Documentary filmmakers shooting a new blockbuster nature series in the Philippines said Sunday they chased men they saw fishing with dynamite.
A camera crew working on the new four-part show "Big Pacific" -- which is to start screening across the globe this summer -- filmed as the coastguards they were with gave chase.
"The illegal fishermen fled and crashed into the shore, abandoning their vessel," the series' executive producer Kyle Murdoch told AFP.
He said his crew was in a lagoon in the Philippines shooting a dugong mother and her calf when they "felt a massive underwater explosion.
"They rushed over to the other side of the cove where some people were dynamite fishing. Luckily we filmed the whole thing.
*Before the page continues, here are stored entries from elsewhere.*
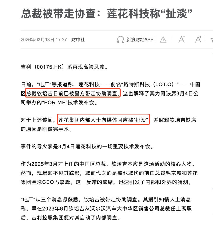 临了,连稳固的处治团队,莲花也未能守住。近期《财中社》等媒体报谈,莲花科技中国区总裁钦培吉疑似被带走协助拜谒,尽管品牌里面东谈主士以 “扯淡” 回话,并解释其缺席 3 月 4 日 For Me 本事发布会的原因是 “刚作念完手术”,但中枢高管在要道发布会缺席、传奇满天飞的景况,已激励市集对品牌处治稳固性的热烈质疑。为何偏巧是莲花,在新本事发布的进攻节点,堕入高管风云?这背后反应的,省略是品牌里面处治的弘大与隐患。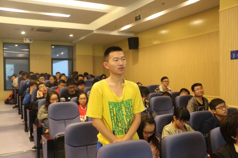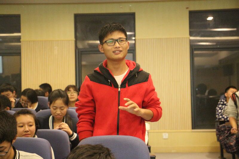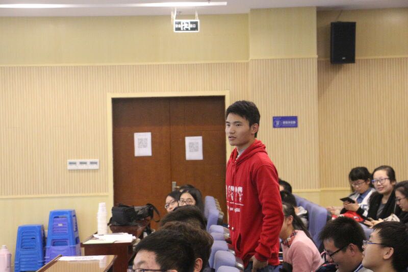 郭建雄老师先由国内外错综复杂的国际形势,引入介绍了文化复兴背景下的国学经典智慧,以对“人”这个词的理解,强调了人性内部物质与精神并重的特质,并认真倾听了在场同学对其他汉字精神内涵的理解,同时阐述了自己对汉字所代表的人生道理的理解,赢得了在场同学的热烈掌声。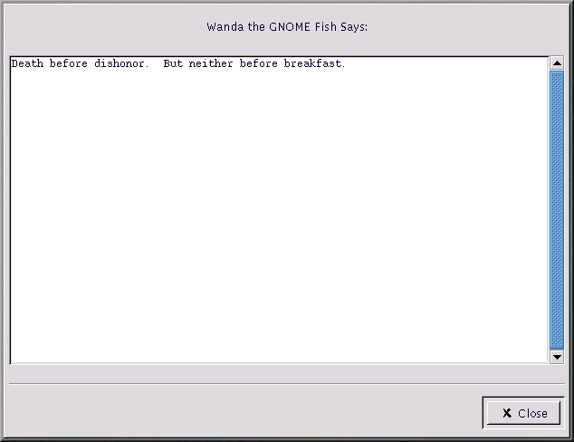 Computer programmers can be very entertaining people. Little applets are created and added to software for no other reason than to amuse. In GNOME, go to Main Menu => Applets and look through the applets available in Amusements, Clocks, and Utility. Fish will open a dialog box (Figure 8-2)displaying a quote that changes every time you click on the icon. gEyes will add two eyes to your panel that follow your cursor around the screen. Gnome Weather (which is under Utility)will dock a button on your panel that displays a miniature weather report.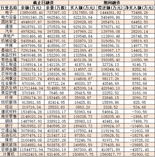 表:4月19日申萬(wàn)一級(jí)行業(yè)兩融交易情況: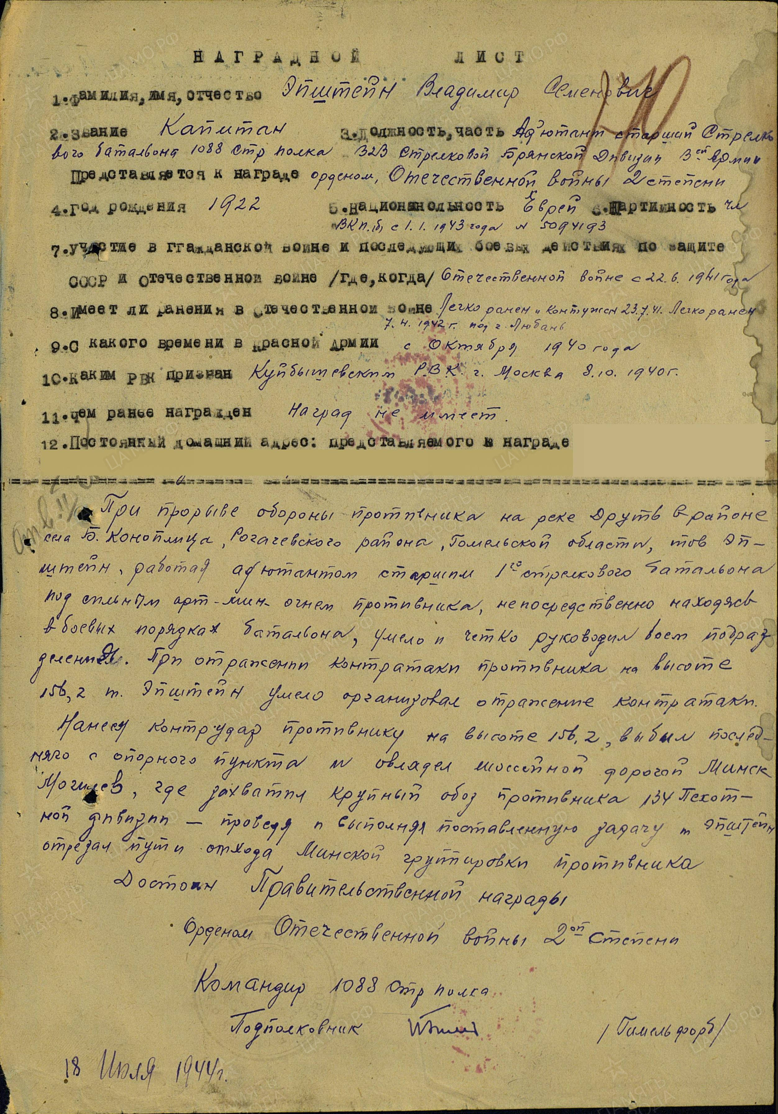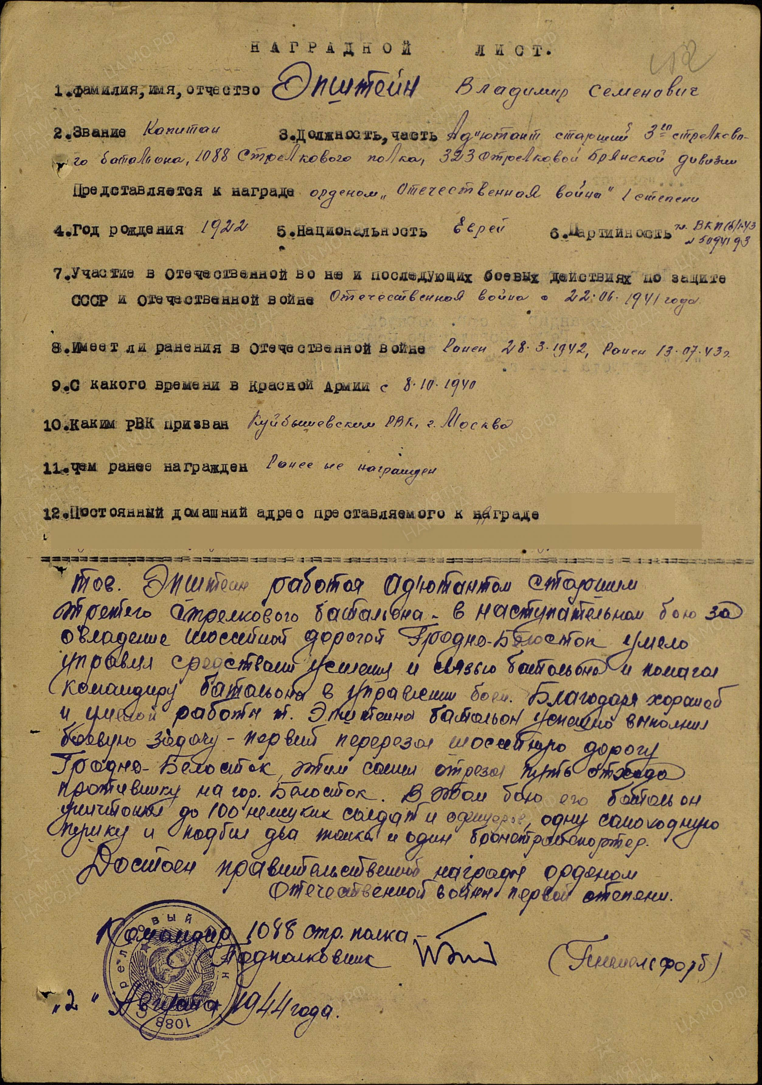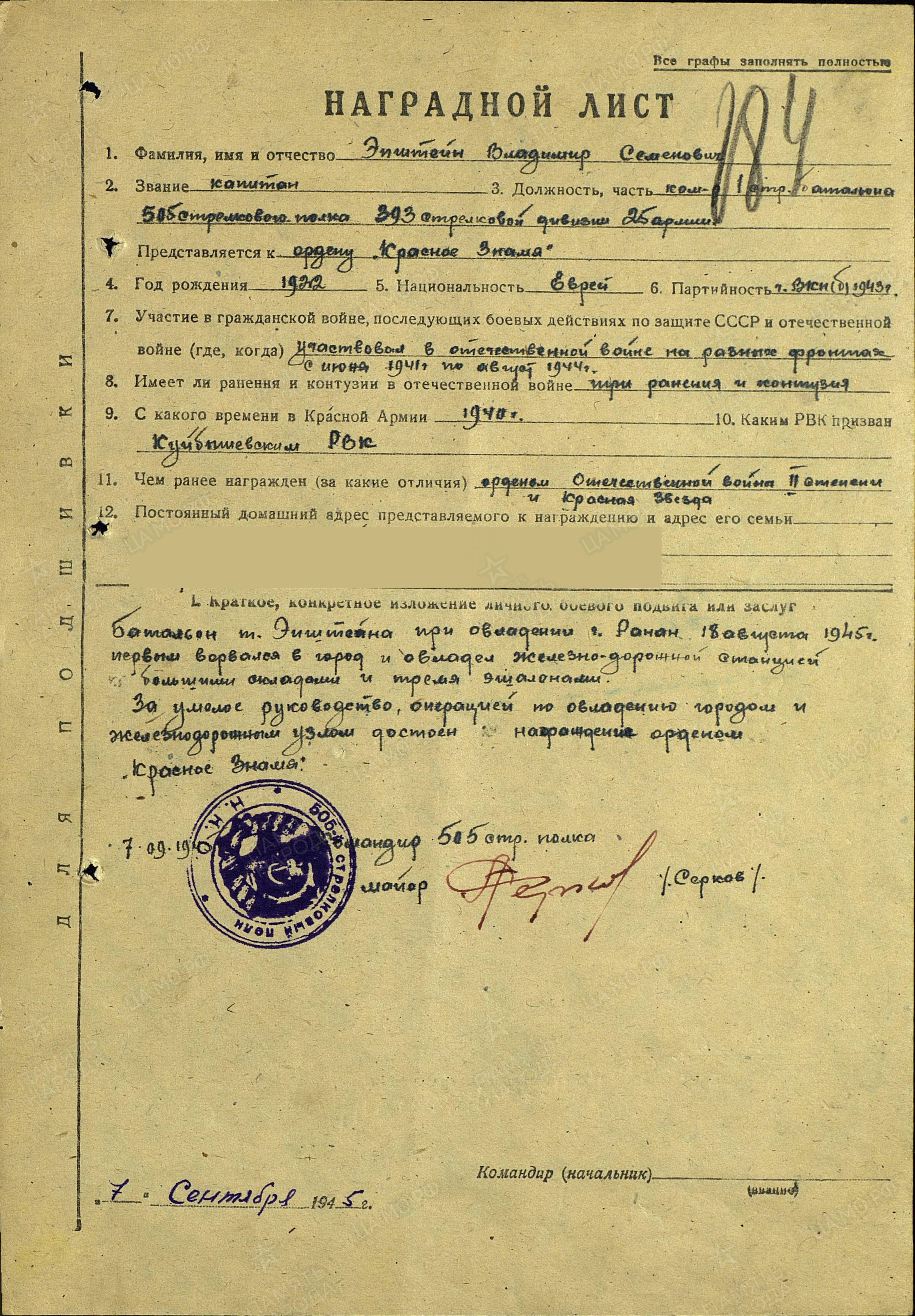 Из наградного листа на капитана Эпштейна Владимира Семеновича:

The rack and ruin was incredible.
"Our team was devastated by what they saw -- but they were able to capture it all on film and show the real problems these animals face and what local heroes are trying to do," Murdoch added.
Footage of the incident has been included in the "making of" episode of the big-budget series, which is being billed as the next landmark nature series in the mould of the BBC's "Planet Earth" and "Great Barrier Reef".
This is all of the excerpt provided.